● Try it:
Could you retype exactly the line containing "今天(23日)清晨美聯儲貨幣" and every line after it in the data below, leaving out the pictures?

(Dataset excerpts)
■ ■ ■ ■ ■ ■ ■

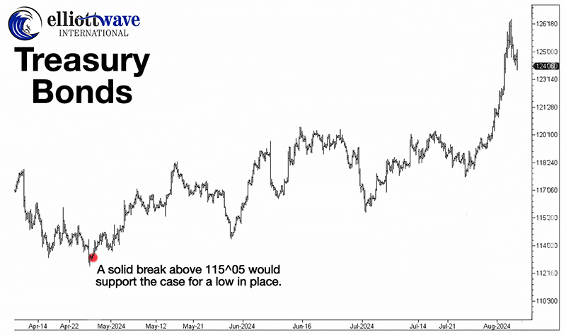 Which brings us full circle back to where we started: The yield on the 10-Year U.S. Treasury notes has just fallen to levels not seen since March while the 3-month U.S. Treasury Bills yields have just made a new low for 2024. As forecast by Elliott waves.
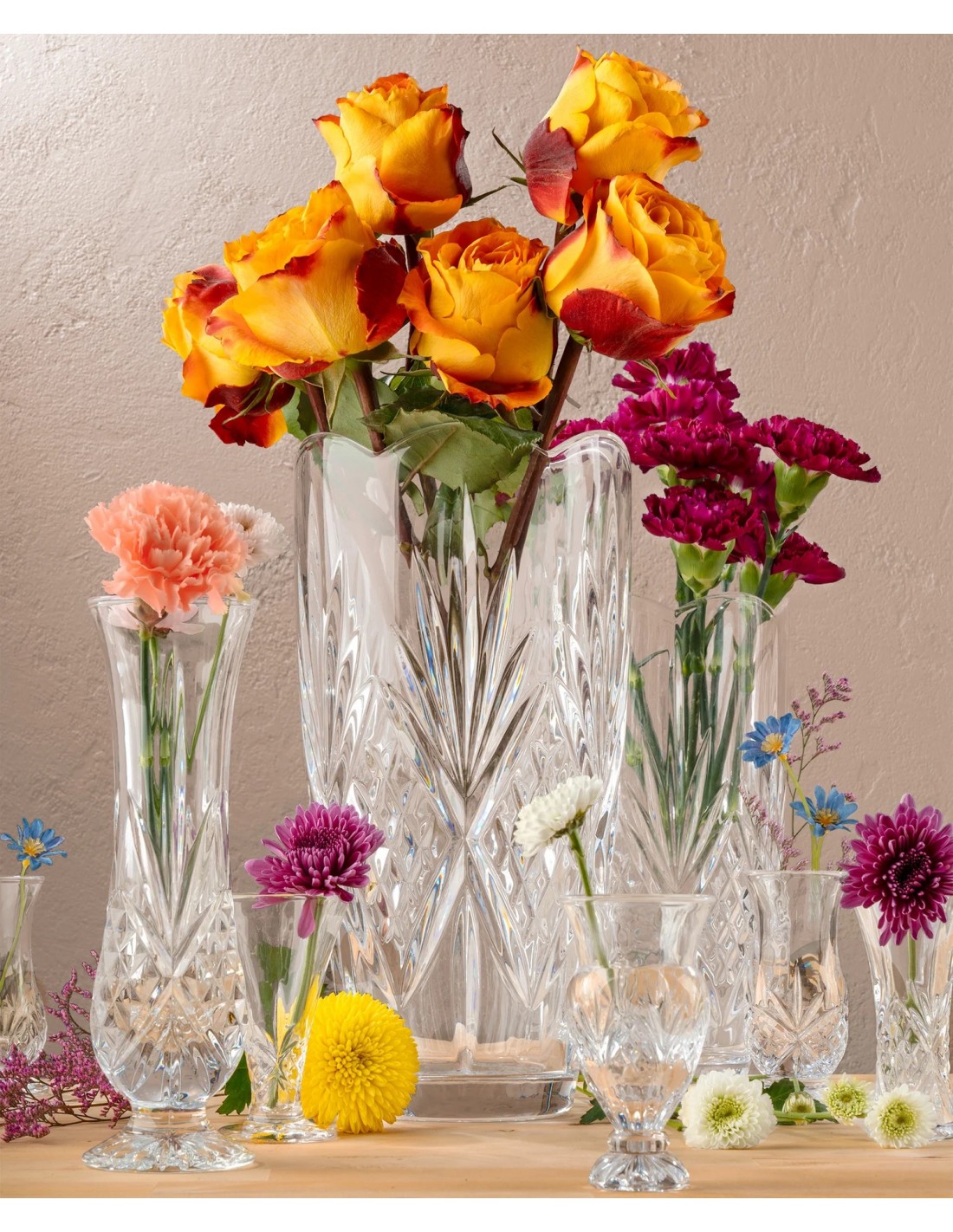 Nuestra colección Dublin rinde homenaje al arte tradicional de la cristalería tallada, evocando gracia con su patrón de talla brillante y su diseño atemporal. Este juego de jarrones de cinco piezas es elegante y realza cualquier hogar con su toque sofisticado.
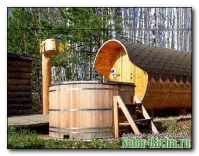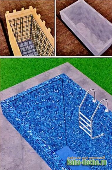 У нас на дачном участке есть баня, а недавно мы сделали рядом с ней небольшую купель, куда наливаем холодную воду и окунаемся в нее noc/je парилки. Вначале выкопали яму 1x2 м и глубиной 1,7 м. Забили в дно б металлических штырей, приварили к ним арматурную сетку, сделанную из таких же штырей, сваренных между собой. Сетка должна быть приподнята над почвой на 5 см.
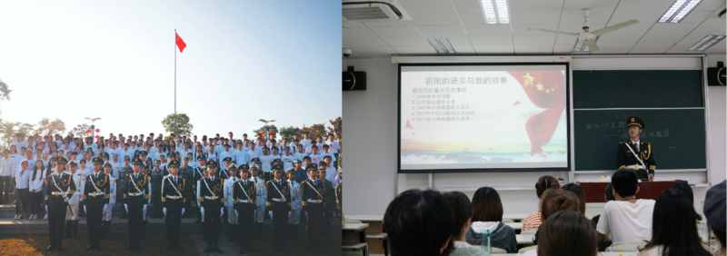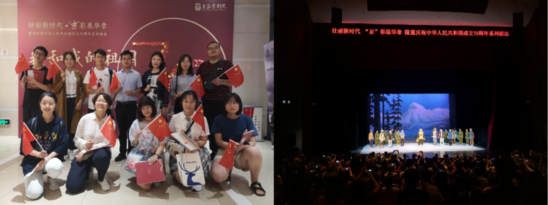 学子用青年脚步丈量祖国大地,用青年声音讲述中国故事,开展“带着国旗去旅行”、“与国旗同框”等活动祝福祖国,以观看爱国剧目,制作微视频等多种方式献礼新中国成立70周年。
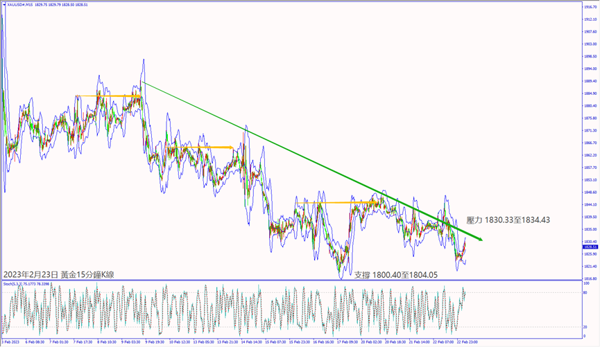 今天(23日)清晨美聯儲貨幣會議紀要重申維持加息利好美元,造成黃金價格反轉下跌約23美元。預期今天(23日)美國公佈第四季度GDP利好美元,黃金價格沖不過小時布林帶上軌線1833美元,建議可短空操作。
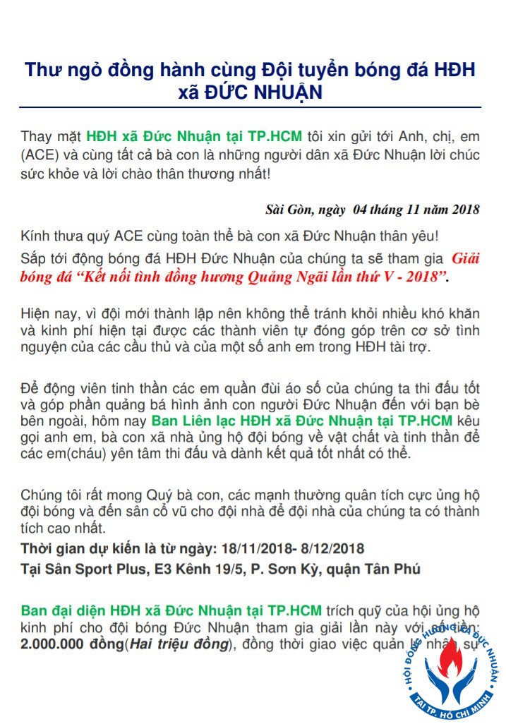 THƯ KÊU GỌI TÀI TRỢ KINH PHÍ CHO ĐỘI BÓNG HĐH ĐỨC NHUẬN

■ ■ ■ ■ ■ ■ ■

● Expected answer:
 今天(23日)清晨美聯儲貨幣會議紀要重申維持加息利好美元,造成黃金價格反轉下跌約23美元。預期今天(23日)美國公佈第四季度GDP利好美元,黃金價格沖不過小時布林帶上軌線1833美元,建議可短空操作。
 THƯ KÊU GỌI TÀI TRỢ KINH PHÍ CHO ĐỘI BÓNG HĐH ĐỨC NHUẬN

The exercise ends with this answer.